• _EXERCISE REQUIREMENTS_
Look for the line that has "The SHIB chart" in the material below; please repeat it and every line after it, exactly, up to and including the line that has "В заключение вновь", and nothing else.

• _MATERIAL SHOWN_
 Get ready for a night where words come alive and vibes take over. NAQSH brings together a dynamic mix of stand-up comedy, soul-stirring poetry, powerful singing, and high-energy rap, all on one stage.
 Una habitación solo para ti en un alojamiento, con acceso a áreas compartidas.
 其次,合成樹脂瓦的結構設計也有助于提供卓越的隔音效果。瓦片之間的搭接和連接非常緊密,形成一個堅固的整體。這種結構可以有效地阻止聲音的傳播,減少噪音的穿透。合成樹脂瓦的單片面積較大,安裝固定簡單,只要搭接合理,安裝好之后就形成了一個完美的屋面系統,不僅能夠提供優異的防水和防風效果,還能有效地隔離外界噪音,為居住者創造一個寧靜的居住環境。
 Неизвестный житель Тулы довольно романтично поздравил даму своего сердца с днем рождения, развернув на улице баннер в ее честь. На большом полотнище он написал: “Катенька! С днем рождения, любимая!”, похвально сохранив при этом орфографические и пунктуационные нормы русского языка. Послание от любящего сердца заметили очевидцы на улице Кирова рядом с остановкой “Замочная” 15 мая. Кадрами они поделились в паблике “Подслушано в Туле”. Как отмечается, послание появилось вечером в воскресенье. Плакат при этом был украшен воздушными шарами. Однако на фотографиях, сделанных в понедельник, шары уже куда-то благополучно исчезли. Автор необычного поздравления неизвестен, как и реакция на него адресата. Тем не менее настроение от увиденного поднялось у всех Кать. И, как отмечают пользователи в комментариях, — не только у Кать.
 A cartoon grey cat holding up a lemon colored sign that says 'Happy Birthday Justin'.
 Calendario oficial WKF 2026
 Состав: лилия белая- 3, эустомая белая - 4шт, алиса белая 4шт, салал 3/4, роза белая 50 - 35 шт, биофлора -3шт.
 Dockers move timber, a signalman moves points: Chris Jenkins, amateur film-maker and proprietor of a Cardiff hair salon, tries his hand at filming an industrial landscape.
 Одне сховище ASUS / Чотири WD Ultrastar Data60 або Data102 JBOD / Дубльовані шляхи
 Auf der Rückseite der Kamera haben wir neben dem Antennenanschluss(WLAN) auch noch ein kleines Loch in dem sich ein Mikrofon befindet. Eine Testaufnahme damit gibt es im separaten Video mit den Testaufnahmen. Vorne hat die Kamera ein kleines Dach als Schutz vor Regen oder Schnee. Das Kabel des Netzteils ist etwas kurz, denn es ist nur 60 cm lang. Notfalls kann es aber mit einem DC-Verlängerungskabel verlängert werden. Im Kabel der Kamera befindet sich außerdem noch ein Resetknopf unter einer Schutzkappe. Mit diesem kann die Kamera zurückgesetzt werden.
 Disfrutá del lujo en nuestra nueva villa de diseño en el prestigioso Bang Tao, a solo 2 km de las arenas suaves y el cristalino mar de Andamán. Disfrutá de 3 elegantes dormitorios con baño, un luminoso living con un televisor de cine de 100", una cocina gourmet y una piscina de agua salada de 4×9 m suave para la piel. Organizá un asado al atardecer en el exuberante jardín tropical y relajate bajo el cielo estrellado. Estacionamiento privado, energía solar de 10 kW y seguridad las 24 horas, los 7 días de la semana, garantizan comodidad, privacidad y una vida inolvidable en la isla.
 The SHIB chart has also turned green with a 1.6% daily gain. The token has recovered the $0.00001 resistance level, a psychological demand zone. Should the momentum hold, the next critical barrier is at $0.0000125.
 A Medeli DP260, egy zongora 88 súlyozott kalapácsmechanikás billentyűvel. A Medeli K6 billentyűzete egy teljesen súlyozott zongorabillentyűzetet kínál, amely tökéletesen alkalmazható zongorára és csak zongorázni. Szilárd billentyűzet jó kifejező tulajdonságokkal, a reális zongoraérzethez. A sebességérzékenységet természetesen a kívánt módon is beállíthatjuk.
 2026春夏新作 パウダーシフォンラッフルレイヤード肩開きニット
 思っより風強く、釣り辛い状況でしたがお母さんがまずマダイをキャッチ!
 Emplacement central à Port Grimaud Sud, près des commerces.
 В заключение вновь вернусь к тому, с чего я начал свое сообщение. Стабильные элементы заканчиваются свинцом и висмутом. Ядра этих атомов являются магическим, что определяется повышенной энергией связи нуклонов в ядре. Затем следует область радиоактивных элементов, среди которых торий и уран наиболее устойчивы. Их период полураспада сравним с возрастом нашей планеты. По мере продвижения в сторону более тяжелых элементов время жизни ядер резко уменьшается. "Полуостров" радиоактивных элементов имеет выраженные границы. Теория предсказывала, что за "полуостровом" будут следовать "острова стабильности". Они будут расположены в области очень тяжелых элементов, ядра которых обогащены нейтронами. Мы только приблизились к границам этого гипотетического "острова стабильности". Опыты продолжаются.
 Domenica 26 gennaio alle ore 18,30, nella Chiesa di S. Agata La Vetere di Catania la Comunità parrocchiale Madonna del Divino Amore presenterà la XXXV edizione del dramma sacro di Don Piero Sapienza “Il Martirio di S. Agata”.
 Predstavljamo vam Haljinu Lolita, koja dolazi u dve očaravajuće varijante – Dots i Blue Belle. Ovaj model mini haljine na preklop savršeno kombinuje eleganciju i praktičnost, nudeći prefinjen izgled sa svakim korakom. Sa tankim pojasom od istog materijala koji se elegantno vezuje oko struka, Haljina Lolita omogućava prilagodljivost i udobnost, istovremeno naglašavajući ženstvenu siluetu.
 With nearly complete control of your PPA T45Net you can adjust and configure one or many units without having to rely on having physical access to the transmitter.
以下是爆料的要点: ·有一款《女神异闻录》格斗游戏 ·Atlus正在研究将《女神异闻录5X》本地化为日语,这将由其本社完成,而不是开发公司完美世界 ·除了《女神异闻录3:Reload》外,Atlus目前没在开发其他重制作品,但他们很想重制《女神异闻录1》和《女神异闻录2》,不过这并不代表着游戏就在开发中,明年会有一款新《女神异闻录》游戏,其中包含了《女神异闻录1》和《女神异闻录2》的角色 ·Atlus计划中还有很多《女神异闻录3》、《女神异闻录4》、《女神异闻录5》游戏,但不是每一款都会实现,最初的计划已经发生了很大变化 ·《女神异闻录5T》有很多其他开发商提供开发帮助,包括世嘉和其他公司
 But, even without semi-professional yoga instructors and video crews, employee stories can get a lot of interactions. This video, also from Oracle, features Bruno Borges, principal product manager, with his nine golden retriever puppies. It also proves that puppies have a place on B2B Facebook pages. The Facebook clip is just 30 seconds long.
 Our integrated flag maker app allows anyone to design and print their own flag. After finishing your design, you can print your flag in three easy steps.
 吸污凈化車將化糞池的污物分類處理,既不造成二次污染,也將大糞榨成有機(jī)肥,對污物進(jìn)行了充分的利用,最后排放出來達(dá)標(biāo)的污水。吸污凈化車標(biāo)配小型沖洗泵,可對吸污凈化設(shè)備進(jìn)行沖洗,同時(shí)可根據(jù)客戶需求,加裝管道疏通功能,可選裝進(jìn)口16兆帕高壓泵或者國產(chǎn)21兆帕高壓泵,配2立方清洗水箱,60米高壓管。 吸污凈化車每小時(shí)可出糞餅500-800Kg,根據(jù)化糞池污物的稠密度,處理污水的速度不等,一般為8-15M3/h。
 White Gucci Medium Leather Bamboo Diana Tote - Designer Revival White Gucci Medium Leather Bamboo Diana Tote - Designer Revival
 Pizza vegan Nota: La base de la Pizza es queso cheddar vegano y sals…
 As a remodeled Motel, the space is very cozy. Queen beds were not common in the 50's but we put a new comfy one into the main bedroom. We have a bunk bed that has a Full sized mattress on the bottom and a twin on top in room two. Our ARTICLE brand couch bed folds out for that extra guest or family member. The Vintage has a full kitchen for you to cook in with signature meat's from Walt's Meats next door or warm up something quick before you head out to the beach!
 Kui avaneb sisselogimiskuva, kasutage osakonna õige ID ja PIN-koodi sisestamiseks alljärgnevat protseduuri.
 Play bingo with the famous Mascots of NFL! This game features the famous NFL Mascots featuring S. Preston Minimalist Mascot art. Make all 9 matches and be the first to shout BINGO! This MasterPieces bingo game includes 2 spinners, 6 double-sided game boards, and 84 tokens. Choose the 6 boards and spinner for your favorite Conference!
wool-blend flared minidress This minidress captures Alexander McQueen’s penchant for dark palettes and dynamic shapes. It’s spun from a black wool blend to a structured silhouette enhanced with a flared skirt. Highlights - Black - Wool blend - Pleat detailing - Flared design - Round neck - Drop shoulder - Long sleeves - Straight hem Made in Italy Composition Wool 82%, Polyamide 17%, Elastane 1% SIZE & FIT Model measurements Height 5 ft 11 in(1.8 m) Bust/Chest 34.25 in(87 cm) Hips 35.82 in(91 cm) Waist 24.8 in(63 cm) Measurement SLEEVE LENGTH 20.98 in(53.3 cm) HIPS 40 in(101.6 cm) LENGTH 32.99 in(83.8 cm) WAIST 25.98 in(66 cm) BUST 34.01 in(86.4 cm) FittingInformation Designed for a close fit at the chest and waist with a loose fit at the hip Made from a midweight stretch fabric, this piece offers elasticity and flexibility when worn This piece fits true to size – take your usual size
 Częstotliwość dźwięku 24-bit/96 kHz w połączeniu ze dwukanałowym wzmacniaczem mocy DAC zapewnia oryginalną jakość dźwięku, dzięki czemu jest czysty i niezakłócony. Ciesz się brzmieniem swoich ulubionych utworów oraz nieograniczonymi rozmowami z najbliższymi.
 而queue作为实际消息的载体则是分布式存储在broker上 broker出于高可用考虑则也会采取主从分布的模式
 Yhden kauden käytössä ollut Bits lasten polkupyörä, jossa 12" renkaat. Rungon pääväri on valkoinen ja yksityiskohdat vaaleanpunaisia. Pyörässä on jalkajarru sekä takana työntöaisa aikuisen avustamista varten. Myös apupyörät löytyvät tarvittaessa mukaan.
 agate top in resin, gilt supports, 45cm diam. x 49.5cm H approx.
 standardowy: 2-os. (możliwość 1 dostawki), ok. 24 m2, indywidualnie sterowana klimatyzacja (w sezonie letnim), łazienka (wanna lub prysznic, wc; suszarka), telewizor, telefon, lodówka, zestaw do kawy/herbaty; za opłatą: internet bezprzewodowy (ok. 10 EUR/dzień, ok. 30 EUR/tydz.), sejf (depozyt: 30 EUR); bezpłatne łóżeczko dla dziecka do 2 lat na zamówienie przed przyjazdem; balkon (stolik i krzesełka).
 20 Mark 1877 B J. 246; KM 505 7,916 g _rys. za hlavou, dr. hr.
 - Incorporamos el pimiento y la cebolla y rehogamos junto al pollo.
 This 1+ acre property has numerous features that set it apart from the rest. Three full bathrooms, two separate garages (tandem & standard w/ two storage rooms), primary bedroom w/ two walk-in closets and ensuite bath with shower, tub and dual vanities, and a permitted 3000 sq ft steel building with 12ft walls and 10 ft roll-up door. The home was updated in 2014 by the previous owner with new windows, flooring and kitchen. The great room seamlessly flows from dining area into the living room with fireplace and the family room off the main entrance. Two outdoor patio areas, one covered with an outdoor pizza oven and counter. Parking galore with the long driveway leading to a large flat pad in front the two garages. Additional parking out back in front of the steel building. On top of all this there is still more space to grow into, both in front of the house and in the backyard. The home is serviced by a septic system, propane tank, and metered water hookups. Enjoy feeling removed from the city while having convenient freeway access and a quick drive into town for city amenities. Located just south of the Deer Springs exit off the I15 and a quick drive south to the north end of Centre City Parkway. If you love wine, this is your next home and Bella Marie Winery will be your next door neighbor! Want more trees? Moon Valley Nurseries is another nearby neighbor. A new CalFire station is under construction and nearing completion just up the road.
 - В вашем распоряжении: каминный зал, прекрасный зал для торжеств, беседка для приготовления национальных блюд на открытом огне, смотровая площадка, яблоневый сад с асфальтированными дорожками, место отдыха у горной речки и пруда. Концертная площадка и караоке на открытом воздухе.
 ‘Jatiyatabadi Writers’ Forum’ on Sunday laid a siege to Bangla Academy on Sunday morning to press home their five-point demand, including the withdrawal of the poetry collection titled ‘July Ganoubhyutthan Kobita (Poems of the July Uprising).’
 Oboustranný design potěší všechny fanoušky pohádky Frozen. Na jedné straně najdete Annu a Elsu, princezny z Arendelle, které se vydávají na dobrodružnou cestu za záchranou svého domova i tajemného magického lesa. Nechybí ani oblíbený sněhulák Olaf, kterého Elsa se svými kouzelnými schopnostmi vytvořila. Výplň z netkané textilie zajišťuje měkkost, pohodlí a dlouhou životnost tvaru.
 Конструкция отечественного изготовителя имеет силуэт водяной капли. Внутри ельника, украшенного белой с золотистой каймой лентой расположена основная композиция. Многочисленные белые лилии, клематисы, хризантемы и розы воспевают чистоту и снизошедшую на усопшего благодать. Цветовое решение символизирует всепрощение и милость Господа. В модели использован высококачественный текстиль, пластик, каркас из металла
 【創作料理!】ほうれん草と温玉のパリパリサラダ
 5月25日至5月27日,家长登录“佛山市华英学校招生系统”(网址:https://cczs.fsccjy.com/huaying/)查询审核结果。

• _SOLUTION TO THE EXERCISE_
 The SHIB chart has also turned green with a 1.6% daily gain. The token has recovered the $0.00001 resistance level, a psychological demand zone. Should the momentum hold, the next critical barrier is at $0.0000125.
 A Medeli DP260, egy zongora 88 súlyozott kalapácsmechanikás billentyűvel. A Medeli K6 billentyűzete egy teljesen súlyozott zongorabillentyűzetet kínál, amely tökéletesen alkalmazható zongorára és csak zongorázni. Szilárd billentyűzet jó kifejező tulajdonságokkal, a reális zongoraérzethez. A sebességérzékenységet természetesen a kívánt módon is beállíthatjuk.
 2026春夏新作 パウダーシフォンラッフルレイヤード肩開きニット
 思っより風強く、釣り辛い状況でしたがお母さんがまずマダイをキャッチ!
 Emplacement central à Port Grimaud Sud, près des commerces.
 В заключение вновь вернусь к тому, с чего я начал свое сообщение. Стабильные элементы заканчиваются свинцом и висмутом. Ядра этих атомов являются магическим, что определяется повышенной энергией связи нуклонов в ядре. Затем следует область радиоактивных элементов, среди которых торий и уран наиболее устойчивы. Их период полураспада сравним с возрастом нашей планеты. По мере продвижения в сторону более тяжелых элементов время жизни ядер резко уменьшается. "Полуостров" радиоактивных элементов имеет выраженные границы. Теория предсказывала, что за "полуостровом" будут следовать "острова стабильности". Они будут расположены в области очень тяжелых элементов, ядра которых обогащены нейтронами. Мы только приблизились к границам этого гипотетического "острова стабильности". Опыты продолжаются.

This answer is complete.